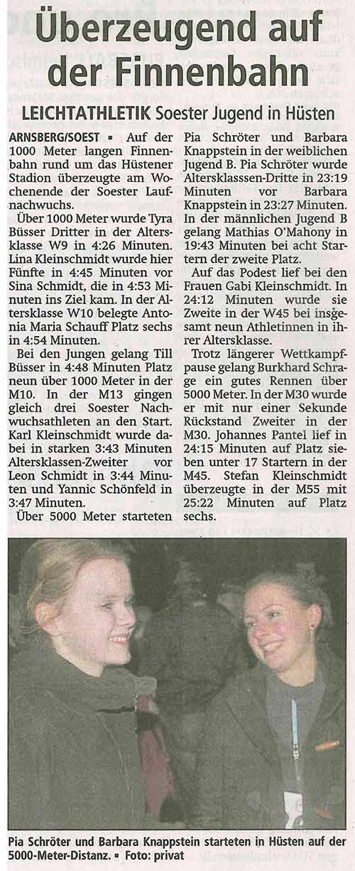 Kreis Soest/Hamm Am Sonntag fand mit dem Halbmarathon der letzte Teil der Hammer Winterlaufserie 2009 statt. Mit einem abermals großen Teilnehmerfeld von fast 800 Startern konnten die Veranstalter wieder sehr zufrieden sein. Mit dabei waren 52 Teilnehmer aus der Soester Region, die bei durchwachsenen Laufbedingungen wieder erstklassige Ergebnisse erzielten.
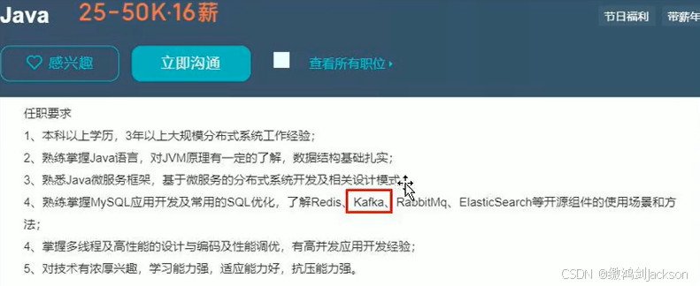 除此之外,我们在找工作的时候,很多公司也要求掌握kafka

☆ ☆ ☆ ☆

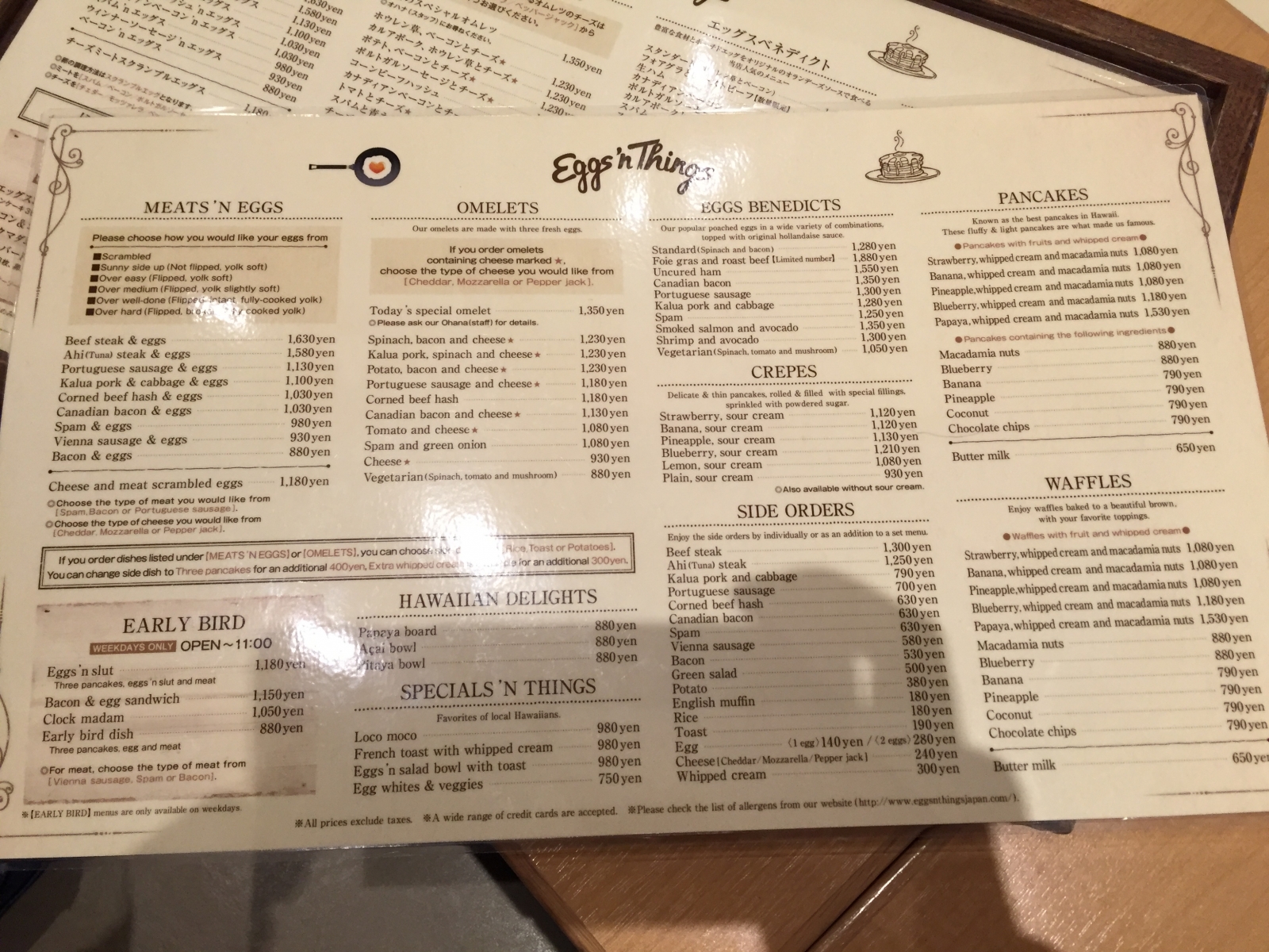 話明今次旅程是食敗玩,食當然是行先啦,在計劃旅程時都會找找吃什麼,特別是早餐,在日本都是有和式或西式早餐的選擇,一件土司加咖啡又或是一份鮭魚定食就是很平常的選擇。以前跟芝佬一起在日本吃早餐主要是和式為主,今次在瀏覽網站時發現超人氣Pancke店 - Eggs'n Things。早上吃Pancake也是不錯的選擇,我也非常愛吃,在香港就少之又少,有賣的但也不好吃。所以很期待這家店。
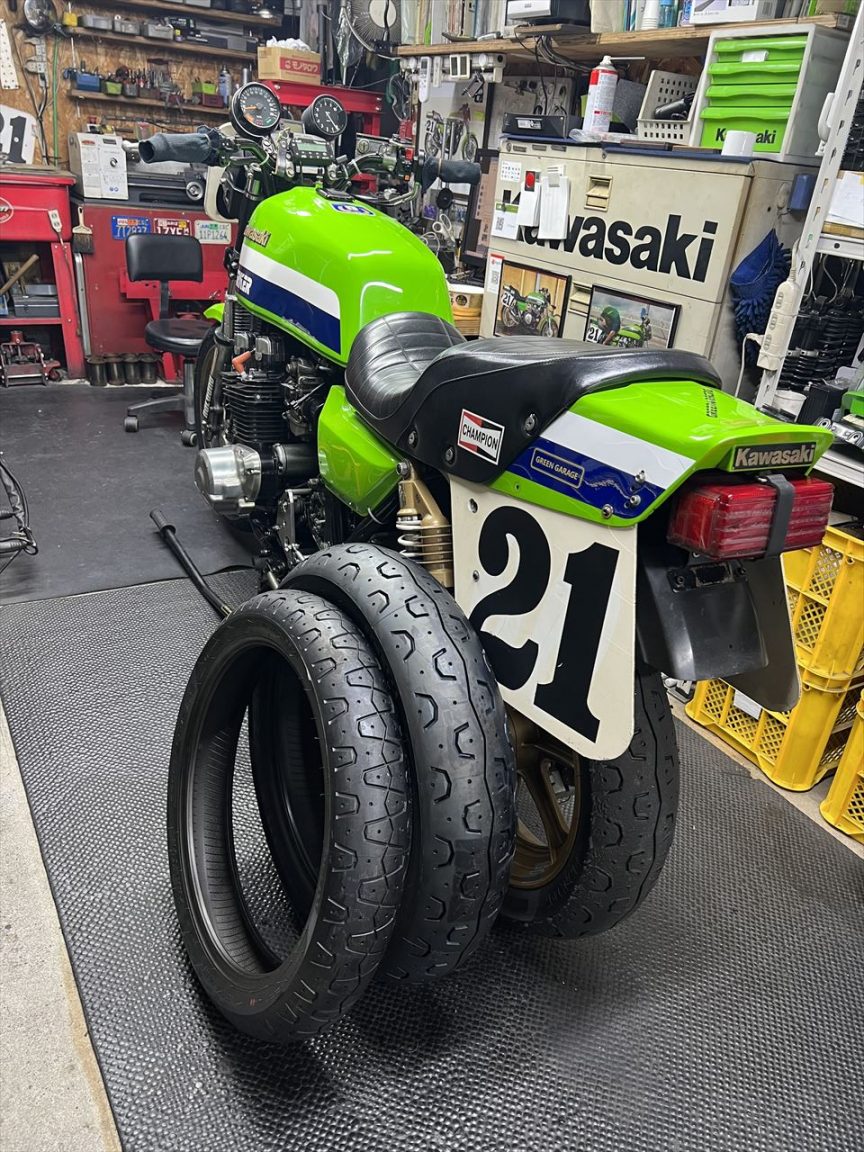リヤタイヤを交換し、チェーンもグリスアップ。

☆ ☆ ☆ ☆

• WHAT NEEDS TO BE DONE: Reproduce the lines above beginning at the line that contains "Kreis Soest/Hamm Am" and ending at the line that contains "除此之外,我们在找工作的时候,很多公司也要求掌握kafka". No pictures.

• OUTPUT FOR THIS TASK:
 Kreis Soest/Hamm Am Sonntag fand mit dem Halbmarathon der letzte Teil der Hammer Winterlaufserie 2009 statt. Mit einem abermals großen Teilnehmerfeld von fast 800 Startern konnten die Veranstalter wieder sehr zufrieden sein. Mit dabei waren 52 Teilnehmer aus der Soester Region, die bei durchwachsenen Laufbedingungen wieder erstklassige Ergebnisse erzielten.
 除此之外,我们在找工作的时候,很多公司也要求掌握kafka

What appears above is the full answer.